Work task
Quote every line of the data below as it stands, omitting pictures.

=== Exercise materials ===

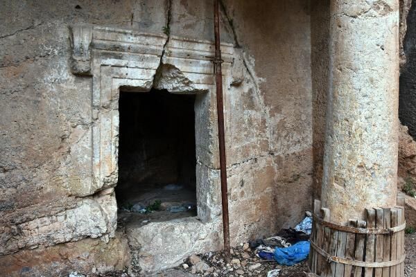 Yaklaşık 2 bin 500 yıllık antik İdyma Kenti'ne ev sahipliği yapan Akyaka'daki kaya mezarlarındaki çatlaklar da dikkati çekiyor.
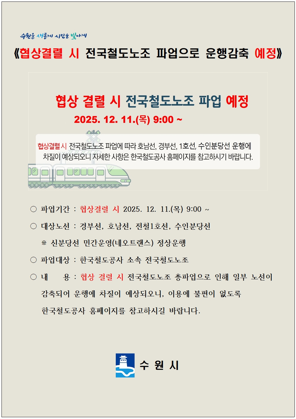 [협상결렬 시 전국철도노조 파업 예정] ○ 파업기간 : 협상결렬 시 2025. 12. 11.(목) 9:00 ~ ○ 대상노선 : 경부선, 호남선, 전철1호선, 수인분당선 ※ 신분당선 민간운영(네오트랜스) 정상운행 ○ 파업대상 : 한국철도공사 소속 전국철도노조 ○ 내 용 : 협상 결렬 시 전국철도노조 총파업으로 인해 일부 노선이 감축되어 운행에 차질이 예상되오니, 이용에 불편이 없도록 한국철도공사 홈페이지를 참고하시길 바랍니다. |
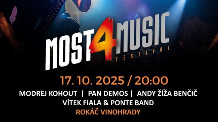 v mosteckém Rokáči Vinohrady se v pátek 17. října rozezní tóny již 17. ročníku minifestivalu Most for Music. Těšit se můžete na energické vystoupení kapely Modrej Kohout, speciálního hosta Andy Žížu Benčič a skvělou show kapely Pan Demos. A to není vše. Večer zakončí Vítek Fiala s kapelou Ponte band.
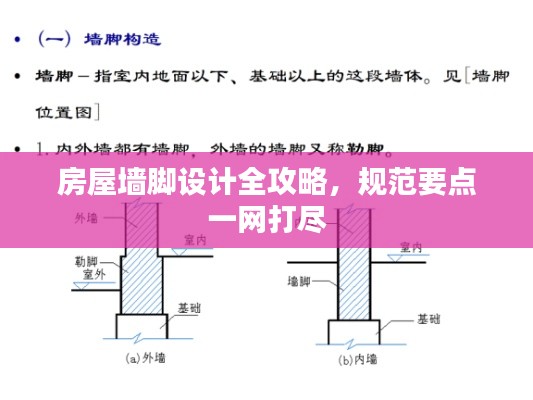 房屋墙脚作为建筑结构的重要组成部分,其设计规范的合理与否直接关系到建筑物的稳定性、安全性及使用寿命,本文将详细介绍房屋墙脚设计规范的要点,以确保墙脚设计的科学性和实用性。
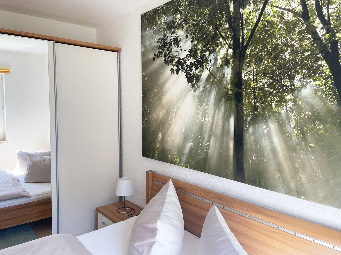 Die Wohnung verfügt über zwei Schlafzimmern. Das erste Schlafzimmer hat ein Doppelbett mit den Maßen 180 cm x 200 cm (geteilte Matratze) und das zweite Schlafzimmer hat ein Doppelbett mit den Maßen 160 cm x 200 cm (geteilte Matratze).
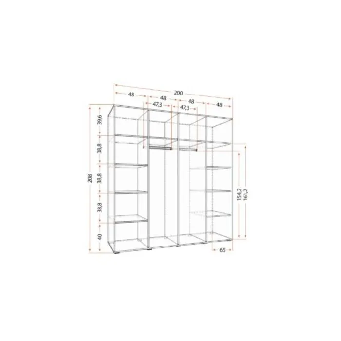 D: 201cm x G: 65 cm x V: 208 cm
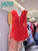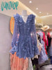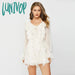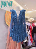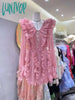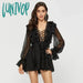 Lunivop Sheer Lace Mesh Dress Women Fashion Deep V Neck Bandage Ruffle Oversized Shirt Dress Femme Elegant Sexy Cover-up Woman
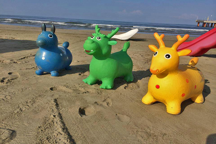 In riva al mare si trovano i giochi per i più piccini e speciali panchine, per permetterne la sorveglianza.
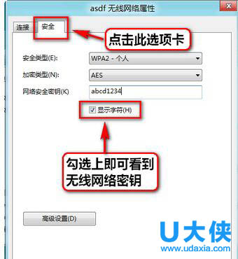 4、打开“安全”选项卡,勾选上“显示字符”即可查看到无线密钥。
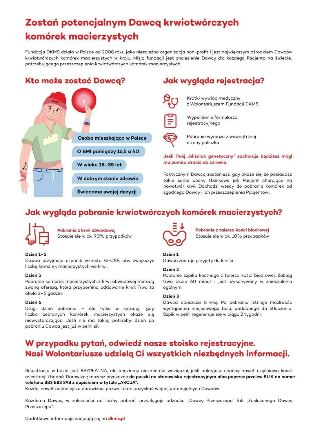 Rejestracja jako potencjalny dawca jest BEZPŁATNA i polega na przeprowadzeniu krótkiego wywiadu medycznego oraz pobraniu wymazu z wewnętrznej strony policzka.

===

Output of the task
 Yaklaşık 2 bin 500 yıllık antik İdyma Kenti'ne ev sahipliği yapan Akyaka'daki kaya mezarlarındaki çatlaklar da dikkati çekiyor.
 [협상결렬 시 전국철도노조 파업 예정] ○ 파업기간 : 협상결렬 시 2025. 12. 11.(목) 9:00 ~ ○ 대상노선 : 경부선, 호남선, 전철1호선, 수인분당선 ※ 신분당선 민간운영(네오트랜스) 정상운행 ○ 파업대상 : 한국철도공사 소속 전국철도노조 ○ 내 용 : 협상 결렬 시 전국철도노조 총파업으로 인해 일부 노선이 감축되어 운행에 차질이 예상되오니, 이용에 불편이 없도록 한국철도공사 홈페이지를 참고하시길 바랍니다. |
 v mosteckém Rokáči Vinohrady se v pátek 17. října rozezní tóny již 17. ročníku minifestivalu Most for Music. Těšit se můžete na energické vystoupení kapely Modrej Kohout, speciálního hosta Andy Žížu Benčič a skvělou show kapely Pan Demos. A to není vše. Večer zakončí Vítek Fiala s kapelou Ponte band.
 房屋墙脚作为建筑结构的重要组成部分,其设计规范的合理与否直接关系到建筑物的稳定性、安全性及使用寿命,本文将详细介绍房屋墙脚设计规范的要点,以确保墙脚设计的科学性和实用性。
 Die Wohnung verfügt über zwei Schlafzimmern. Das erste Schlafzimmer hat ein Doppelbett mit den Maßen 180 cm x 200 cm (geteilte Matratze) und das zweite Schlafzimmer hat ein Doppelbett mit den Maßen 160 cm x 200 cm (geteilte Matratze).
 D: 201cm x G: 65 cm x V: 208 cm
 Lunivop Sheer Lace Mesh Dress Women Fashion Deep V Neck Bandage Ruffle Oversized Shirt Dress Femme Elegant Sexy Cover-up Woman
 In riva al mare si trovano i giochi per i più piccini e speciali panchine, per permetterne la sorveglianza.
 4、打开“安全”选项卡,勾选上“显示字符”即可查看到无线密钥。
 Rejestracja jako potencjalny dawca jest BEZPŁATNA i polega na przeprowadzeniu krótkiego wywiadu medycznego oraz pobraniu wymazu z wewnętrznej strony policzka.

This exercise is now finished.